Segundo as disposições do Art. 2o da Lei de Improbidade Administrativa, todo aquele exerce, ainda que transitoriamente ou sem remuneração, por eleição, nomeação, designação, contratação ou qualquer outra forma de investidura ou vínculo, mandato, cargo, emprego ou função na administração direta, indireta ou fundacional de qualquer dos Poderes da União, dos Estados, do Distrito Federal, dos Municípios, para os efeitos da referida lei, é considerado Agente:
- A)De controle.
Errada, porque "agente de controle" não é a categoria prevista no art. 2º da Lei de Improbidade Administrativa.
- B)Público.
Certa, porque o art. 2º da Lei 8.429/1992 define exatamente essa pessoa como agente público para fins de improbidade.
- C)Fiscal.
Errada, porque "agente fiscal" não corresponde à classificação legal usada pela LIA.
- D)Fiduciário.
Errada, porque "agente fiduciário" não é a terminologia do art. 2º da Lei de Improbidade Administrativa.
Gabarito: B
A Lei de Improbidade Administrativa usa um conceito bem amplo de agente: não importa se a pessoa foi escolhida por eleição, nomeação, designação, contratação ou qualquer outra forma de investidura.
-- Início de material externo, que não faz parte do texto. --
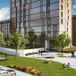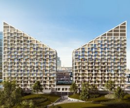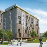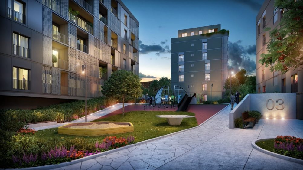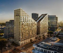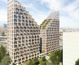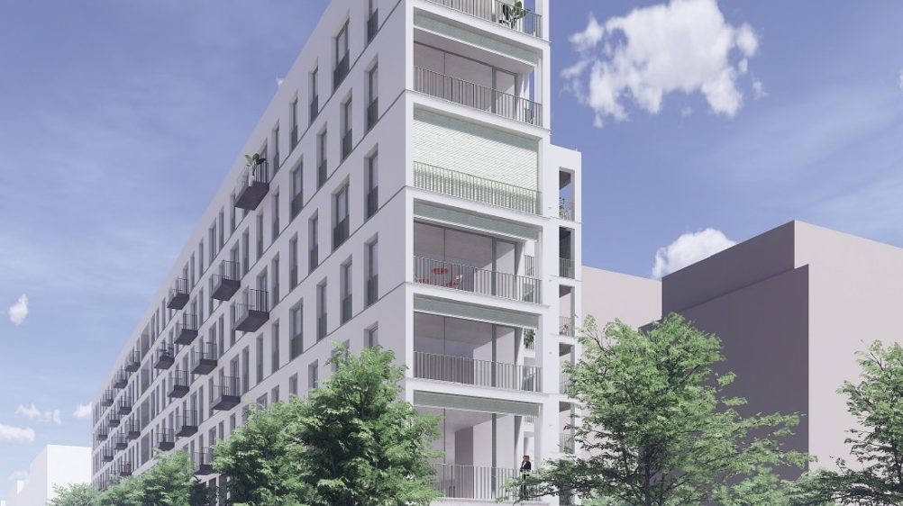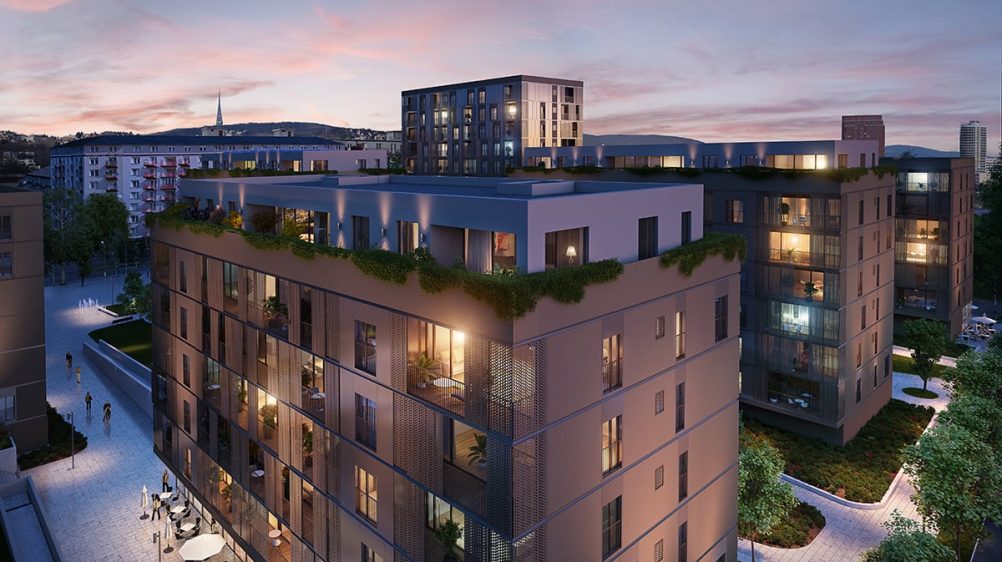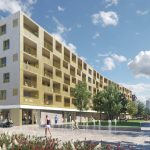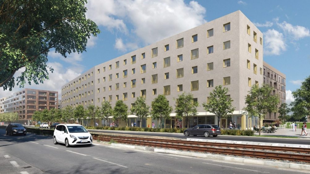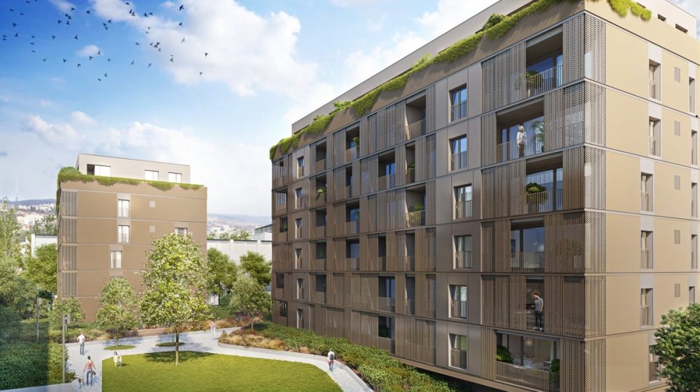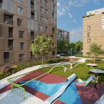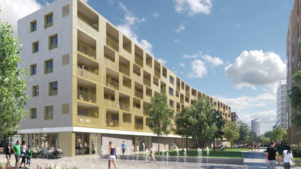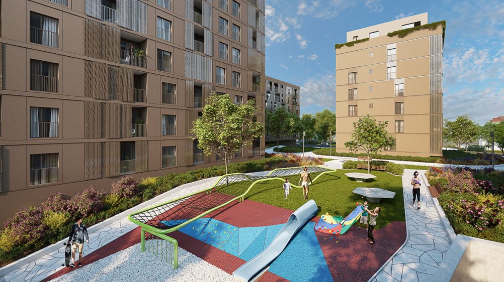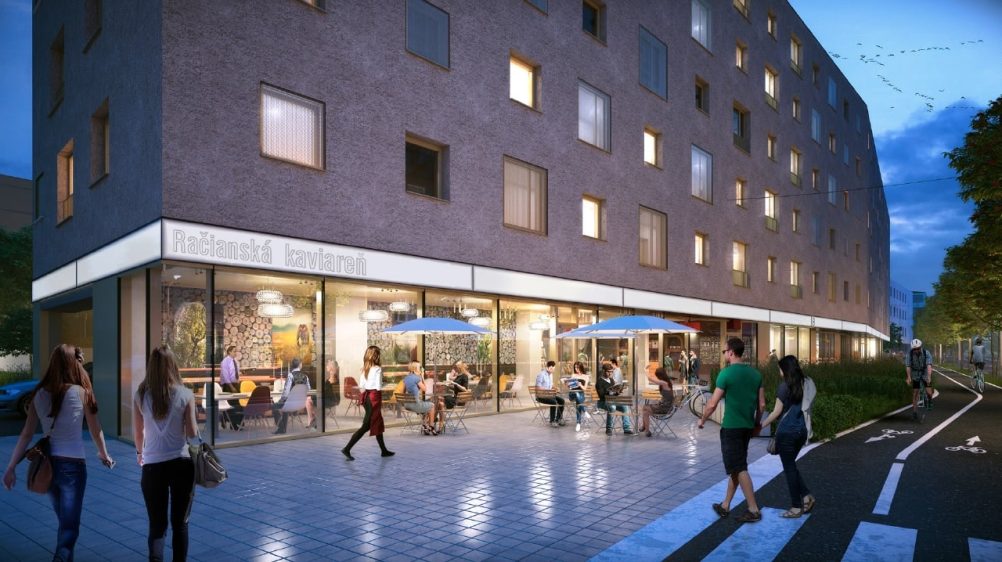 Residential project in a transforming post-industrial area along Račianska street. The result of an architectural competition. The first two stages have been completed, the third was launched after a long permitting process. Originally, a parking garage was considered for this location.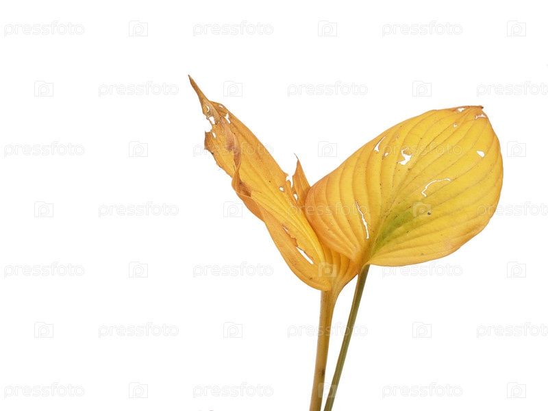 Закройте два перекрывающихся желтоватых листа Hosta, изолированных на белом фоне и вырез готов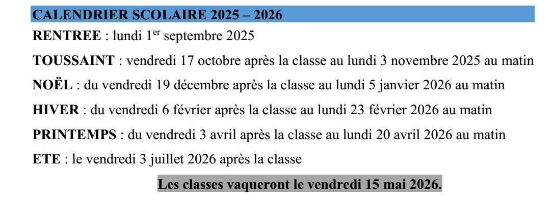 La reprise des cours pour l'année 2025 - 2026 se fera le lundi 1er septembre de 8h20 à 8h30.

Também não faz diferença se o vínculo é temporário ou sem remuneração. O ponto central é simples: se a pessoa exerce mandato, cargo, emprego ou função na administração direta, indireta ou fundacional, ela entra no radar da lei. Isso aparece no art. 2º da Lei 8.429/1992, que considera como agente público, para os efeitos da lei, todo aquele que exerce função pública nessas condições. A ideia é evitar que alguém escape da responsabilização só porque ocupa uma função por pouco tempo ou sem salário. Em improbidade, a forma de ingresso não “limpa a ficha” de ninguém. Por isso, o gabarito é a alternativa B. O enunciado praticamente reproduz a definição legal do art. 2º, e o termo correto é agente público. É uma expressão ampla, usada justamente para alcançar quem atua em nome do Estado, ainda que em regime diverso do servidor estatutário tradicional. Em prova, sempre desconfie quando a banca troca a expressão legal por palavras parecidas, mas inexistentes na lei. Aqui não tem mistério: se o texto cita mandato, cargo, emprego ou função na administração, a resposta vem direto da definição legal.